- Opening Delimiter -

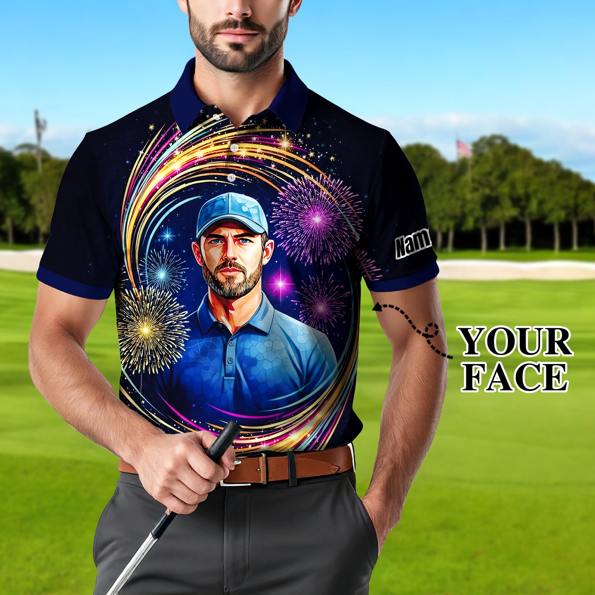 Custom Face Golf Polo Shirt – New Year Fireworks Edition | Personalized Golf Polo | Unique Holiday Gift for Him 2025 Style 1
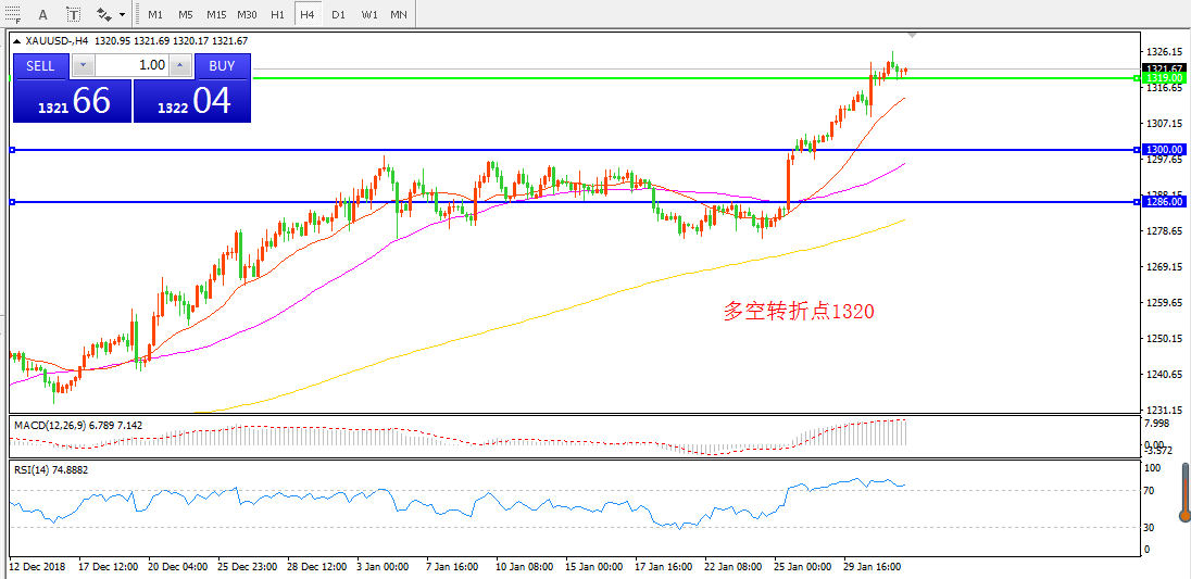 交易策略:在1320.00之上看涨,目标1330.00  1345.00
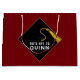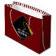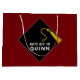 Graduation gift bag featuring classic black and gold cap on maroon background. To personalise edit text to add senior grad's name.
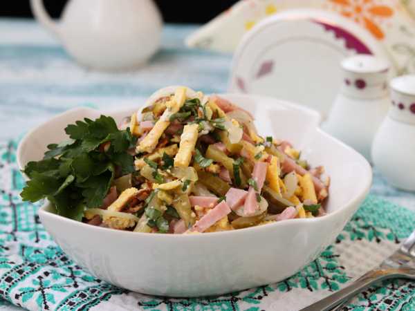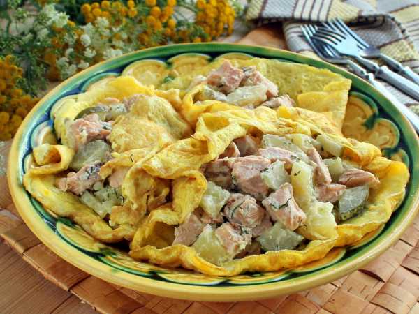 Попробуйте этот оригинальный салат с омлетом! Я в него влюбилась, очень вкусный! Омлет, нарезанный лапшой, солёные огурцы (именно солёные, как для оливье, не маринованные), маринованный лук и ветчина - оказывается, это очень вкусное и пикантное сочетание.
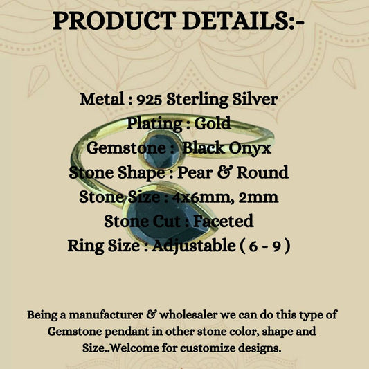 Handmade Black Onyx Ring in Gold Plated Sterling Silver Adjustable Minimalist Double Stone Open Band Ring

- Closing Delimiter -

Write out the entries again word for word. Do not include the pictures.

 Custom Face Golf Polo Shirt – New Year Fireworks Edition | Personalized Golf Polo | Unique Holiday Gift for Him 2025 Style 1
 交易策略:在1320.00之上看涨,目标1330.00  1345.00
 Graduation gift bag featuring classic black and gold cap on maroon background. To personalise edit text to add senior grad's name.
 Попробуйте этот оригинальный салат с омлетом! Я в него влюбилась, очень вкусный! Омлет, нарезанный лапшой, солёные огурцы (именно солёные, как для оливье, не маринованные), маринованный лук и ветчина - оказывается, это очень вкусное и пикантное сочетание.
 Handmade Black Onyx Ring in Gold Plated Sterling Silver Adjustable Minimalist Double Stone Open Band Ring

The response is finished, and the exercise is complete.